*TRY IT:* Find the line with "為認真總結2019年度公司各" in the entries below, then output every line from it down to the line with "Facebook изменения в", exactly and with no pictures.

*EXTRACTED DATA:*
·····
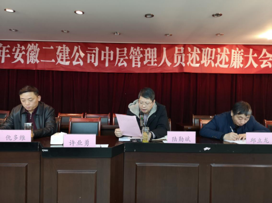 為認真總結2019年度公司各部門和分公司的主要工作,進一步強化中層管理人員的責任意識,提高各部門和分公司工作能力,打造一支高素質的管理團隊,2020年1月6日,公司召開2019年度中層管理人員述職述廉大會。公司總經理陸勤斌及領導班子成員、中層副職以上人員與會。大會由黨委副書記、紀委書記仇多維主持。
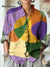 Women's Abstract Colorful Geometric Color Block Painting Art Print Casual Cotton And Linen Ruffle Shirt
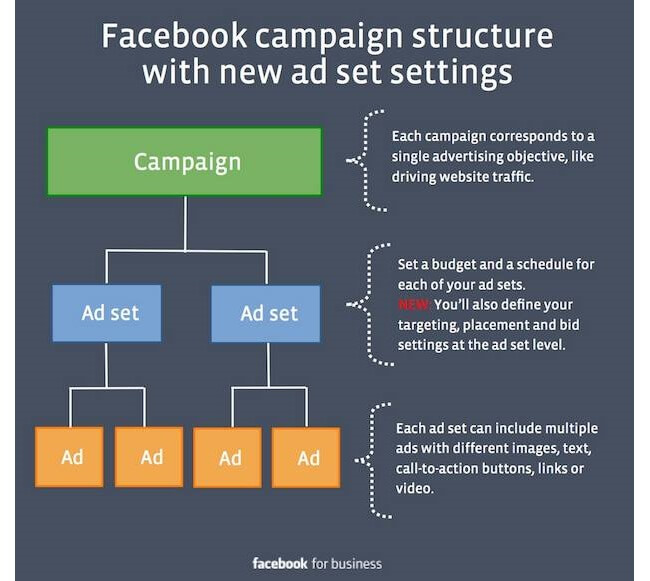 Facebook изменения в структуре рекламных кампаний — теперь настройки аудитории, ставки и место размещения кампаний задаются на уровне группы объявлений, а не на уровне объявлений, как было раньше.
·····
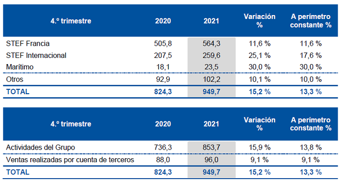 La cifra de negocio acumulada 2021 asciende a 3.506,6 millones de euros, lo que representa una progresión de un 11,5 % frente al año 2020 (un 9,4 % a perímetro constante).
·····
*EXPECTED OUTPUT:*
 為認真總結2019年度公司各部門和分公司的主要工作,進一步強化中層管理人員的責任意識,提高各部門和分公司工作能力,打造一支高素質的管理團隊,2020年1月6日,公司召開2019年度中層管理人員述職述廉大會。公司總經理陸勤斌及領導班子成員、中層副職以上人員與會。大會由黨委副書記、紀委書記仇多維主持。
 Women's Abstract Colorful Geometric Color Block Painting Art Print Casual Cotton And Linen Ruffle Shirt
 Facebook изменения в структуре рекламных кампаний — теперь настройки аудитории, ставки и место размещения кампаний задаются на уровне группы объявлений, а не на уровне объявлений, как было раньше.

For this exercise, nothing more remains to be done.